Son caractère plus effacé a-t-il joué un rôle dans cet équilibre des forces ?

«Oui ça a joué. C'est d'ailleurs une constante, car les Grands-Ducs sont des personnalités plutôt effacées. Ou qui restent dans une sorte de réserve constitutionnelle en n'outrepassant pas leurs droits ni leurs devoirs. Mais pour autant, le Grand-Duc Jean avait ce tempérament de toujours mettre l'huile dans les rouages. Il était un facilitateur avec cette capacité à toujours créer le dialogue. Un ambassadeur absolument crédible et légitime de l'Europe.

Depuis son abdication, le Grand-Duc Jean s'était retiré dans le château de Fischbach. Cela signifiait-il qu'il s'était mis totalement à l'écart de la vie publique ?

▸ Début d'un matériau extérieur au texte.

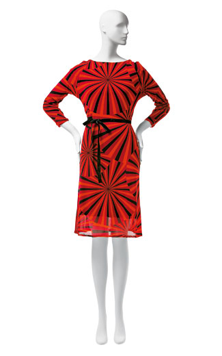 Активная окраска платья с динамичным принтом в стиле поп-арт выдержит и не менее яркие дополнения. Праздники не закончились!
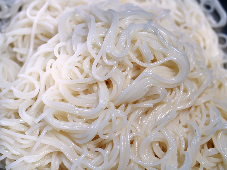 찰랑찰랑 물에 헹군 물기 머금은 쫄깃한 소면입니다.
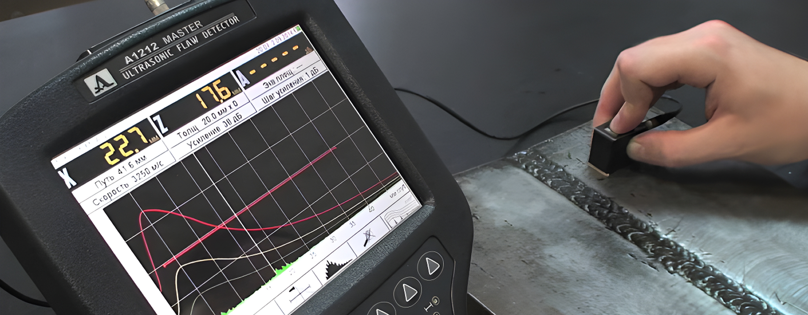 Метод на базе ультразвуковых волн. С его помощью выявляют скрытые дефекты, невидимые в иных ситуациях. Например, крупные шлаковые включения в нутрии шва. Такое соединение может казаться надежным и даже не пропускать жидкости, но его прочность будет крайне низкой.
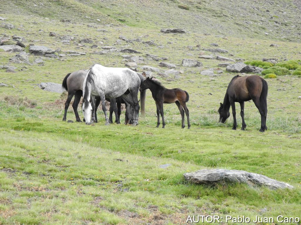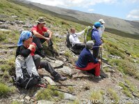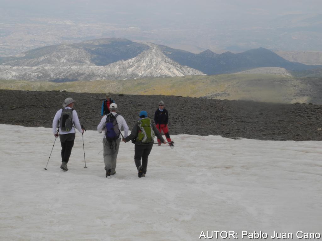 Mientras descendemos hacia los Tajos Altos, Antonio Morell hace cima y se une al grupo. Bajamos al encuentro de Los Nacimientos atravesando varios neveros que satisfacen el "mono" de los esquiadores. Los borreguiles lucen un frescor intenso tapizados de preciosas flores y musgos, parecen milagrosos surcos de vida en medio del "desértico" canchal.
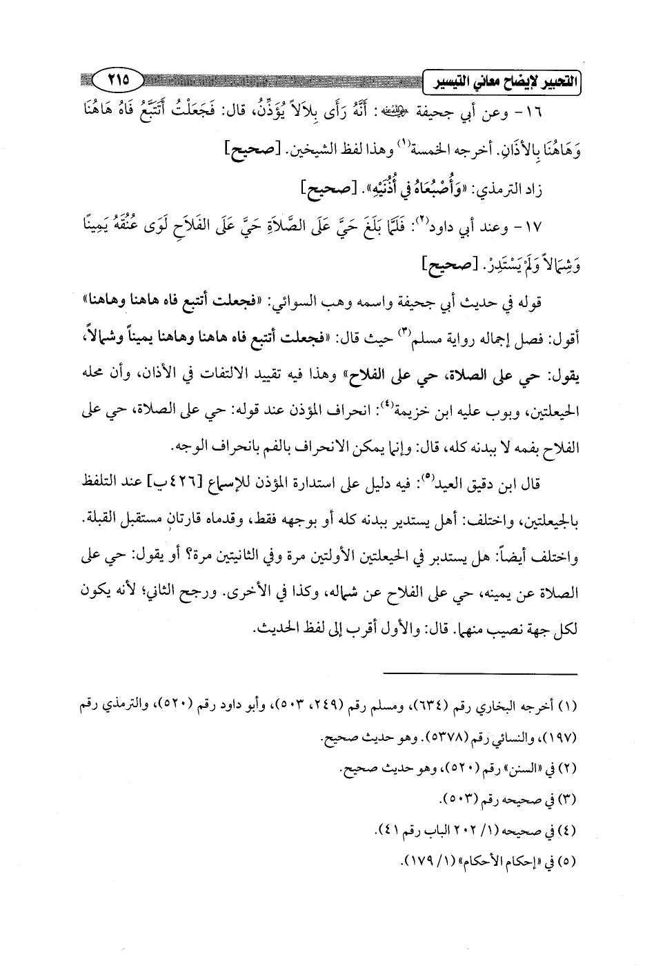 16 - وعن أبي جحيفة - رضي الله عنه -: أَنَّهُ رَأَى بِلاَلاً يُؤَذِّنُ، قال: فَجَعَلْتُ أَتَبَّعُ فَاهُ هَا هُنَا وَهَا هُنَا بِالأذَان. أخرجه الخمسة (¬1) وهذا لفظ الشيخين. [صحيح]
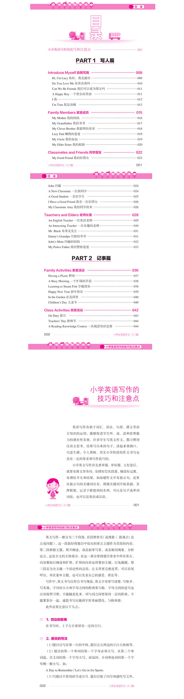 本书根据小学生的知识水平和学习特点编写,注重讲解。除了每个章节的指导性讲解意外,还在范文中加入细节性讲解,两者相辅相成,互为补充;
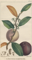 Une branche de Caïmitier pomiforme avec ses fleurs et son fruit.
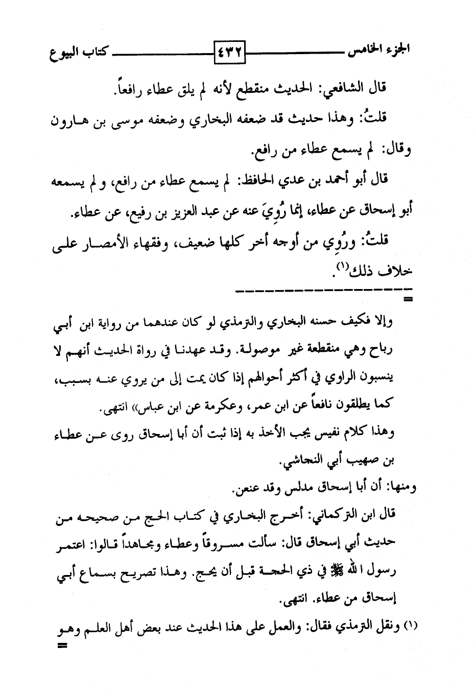 قال الشافعي الحديث منقطع لأنه لم يلق عطاء رافعاً . قلت : وهذا حديث قد ضعفه البخاري وضعفه موسى بن هارون وقال : لم يسمع عطاء من رافع . قال أبو أحمد بن عدي الحافظ : لم يسمع عطاء من رافع ، ولم يسمعه أبو إسحاق عن عطاء ، إنما روي عنه عن عبد العزيز بن رفيع ، عن عطاء . قلت : وروي من أوجه أخر كلها ضعيف ، وفقهاء الأمصار على خلاف ذلك ( 1 ) .
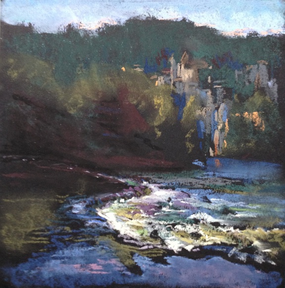 The Lot River at Sancyrq — Lapoppie, France Pastel on 10" x 10" Canson Mi Tientes paper on board August 2014 Workshop in France, painted left-handed Contact the artist for pricing and availability
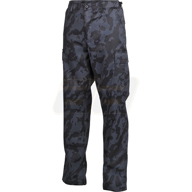 Klassische US-ARMEE-Hosen, MFH US Combat Pants in Nachtsicht-Camo-Farbe, Größe 3XL. Frontreißverschluss, mehrere Taschen, verstellbarer Bund und breite Gürtelschlaufen. Perfekt für Outdoor-Aktivitäten. Material: 65% Polyester, 35% Baumwolle.
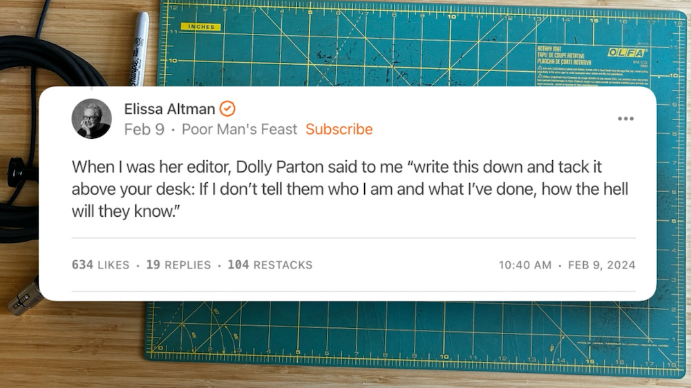 Tell people about your work in only the way that you can, because if an unpaid intern (or an AI prompt) could write your self-promo copy, you’re toast.
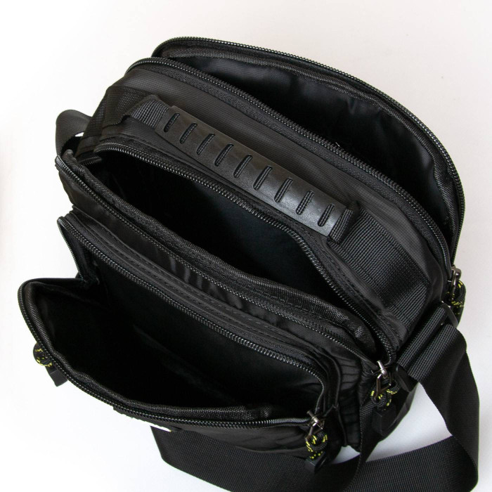 Чоловіча сумка планшет Lanpad. Два відділення, що закриваються на блискавку. Усередині відділень розташована кишеня на блискавці та відкрита кишеня. На фасаді знаходяться дві великі кишені на блискавці. На звороті є одна кишеня на блискавці. Регульований плечовий ремінь шириною 4см.

«Absolument pas, car c'est quelqu'un qui a toujours pensé faire plaisir aux autres. Et d'un enthousiasme. Vous vous rendez compte, il est allé à l'ouverture du Forum de la Grande-Duchesse sur les violences faites aux femmes en temps de guerre. Dans ce sens, il est un support important pour la Grande-Duchesse et la famille grand-ducale en général.

Quelle trace laissera, selon vous, le Grand-Duc Jean pour la postérité ?

«Objectivement, il sera celui dont la légitimité tient à la fois de la dynastie mais aussi à celle du service rendu au Luxembourg. Car il a libéré son pays en septembre 1944, aux côtés de son père. Et cela a joué un rôle considérable que les jeunes générations ne perçoivent peut-être pas. Plus tard, ce n'est pas lui qui a construit l'Europe mais il en a été l'un des ambassadeurs absolument crédible et légitime. C'est un héros de l'histoire et il doit être salué comme tel.

Donc, selon vous, il aura réussi à ne pas être seulement le fils de la Grande-Duchesse Charlotte...

«Oui, parce qu'on ne peut pas nier l'histoire. C'est sans aucun doute, de tous les souverains, l'un des plus populaires aussi. Dans ce sens, il tient aussi de sa mère.»